Gas Draghi pushes the axis of the Mediterranean countries against

Gas, Draghi pushes the axis of the Mediterranean countries against the Berlin rigidity

Apart from the public statements and facade optimism of almost all 27 EU heads of state and government, last week’s Extraordinary Council of Versailles ended with a significant hole in the water. In fact, Europe has not been able to pull the ranks of an energy crisis that is upon us. And the unity of purpose and determination expressed in the collective response to Russia’s invasion of Ukraine have not become the weapons with which we can collectively fight what Draghi calls “our crises.” Emergencies, says the prime minister, which must be “resolved” as quickly as possible in order to “protect the European economies from the consequences of the war,” particularly “from increases in energy prices.” On this point, however, the EU has chosen to take its time, packed with the traditional tug-of-war between Mediterranean countries and Northern hawks. This is understandable, what characterized the dispute over the funds for the reconstruction plan for months.

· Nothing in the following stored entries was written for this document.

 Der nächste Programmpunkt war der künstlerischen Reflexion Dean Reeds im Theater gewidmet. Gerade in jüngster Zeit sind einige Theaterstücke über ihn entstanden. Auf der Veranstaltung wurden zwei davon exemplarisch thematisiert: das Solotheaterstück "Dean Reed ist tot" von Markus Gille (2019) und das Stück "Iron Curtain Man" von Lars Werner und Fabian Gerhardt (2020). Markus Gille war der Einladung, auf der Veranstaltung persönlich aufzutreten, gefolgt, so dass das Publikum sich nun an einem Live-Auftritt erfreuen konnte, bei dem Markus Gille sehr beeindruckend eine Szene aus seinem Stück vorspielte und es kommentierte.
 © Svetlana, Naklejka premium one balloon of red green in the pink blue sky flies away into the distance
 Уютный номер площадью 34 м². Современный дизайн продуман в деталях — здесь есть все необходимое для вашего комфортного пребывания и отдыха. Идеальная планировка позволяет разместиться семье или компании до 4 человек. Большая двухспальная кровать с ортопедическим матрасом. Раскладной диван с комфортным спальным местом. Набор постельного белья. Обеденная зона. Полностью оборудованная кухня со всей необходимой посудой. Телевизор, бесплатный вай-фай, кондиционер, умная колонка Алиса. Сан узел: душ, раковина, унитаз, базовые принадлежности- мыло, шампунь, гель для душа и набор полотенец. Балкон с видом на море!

Same scheme, identical contrasts and usual rigidity. It’s not a detail, the economic consequences of the war that Putin wanted have been on everyone’s lips for weeks. And despite this time, as happened instead between February and March 2020 with the Covid emergency, no one can really be under the illusion that there will be no relapses. Maybe that’s why the Mediterranean Front decided to keep going. And he decided to meet yesterday in Rome at Villa Madama. A four-party summit, with Draghi, Spanish Prime Minister Sanchez, Portugal’s Costa and – linked to Athens, because of Covid – Greece’s Mitsotakis. A meeting wanted by Sanchez, which publicly acknowledges the former number one of the ECB and which aims to formalize a convergence of interests around a few key goals: to keep a pro-European government firmly on its feet and united for the joint purchase and storage of energy to fight. All points on which Polish Prime Minister Morawiecki “strongly” agrees. We have to “convince” the EU countries that “they have different needs than we do,” said the four prime ministers at the Villa Madama press conference. Because, Sanchez explains, European unity was strong in its reaction to “Putin’s war,” but it must be just as strong “in view of the economic consequences” of Russian aggression. In short, we need “a unified response” to the energy crisis. Which, on the concrete question, overcomes the declared hostility of Berlin and the well-known embarrassment of Paris.

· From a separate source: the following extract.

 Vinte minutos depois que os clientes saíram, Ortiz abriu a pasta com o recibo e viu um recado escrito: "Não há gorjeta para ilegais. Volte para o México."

This is the unspoken publicity of yesterday’s summit, the main driver of a summit aiming to create a united front in view of next week’s European Council. Costa says this clearly and hopes that the Brussels summit of March 24-25 “will not be a meeting to which everyone puts off”, as happened in France, but a summit “where effective decisions will finally be taken”. . Because, explains Mitsotakis, “the gas emergency is a danger that threatens the recovery” and “can awaken the nightmare of populism”. For that, says Draghi, we would have to “intervene immediately”, do something “essential” “immediately”.

Last night the Council of Ministers approved another package of measures to tackle high energy prices, but it is clear that a real change of pace can only be achieved with a European front. “Common storage – explains Draghi – allows us to protect each other in the event of individual shocks. Joint purchases give us a better negotiating weight ». And again: we must “limit the import price of gas” and “separate the electricity market from the gas market”. Problems – according to the message from Italy, Spain, Portugal and Greece – that Germany and France must take up.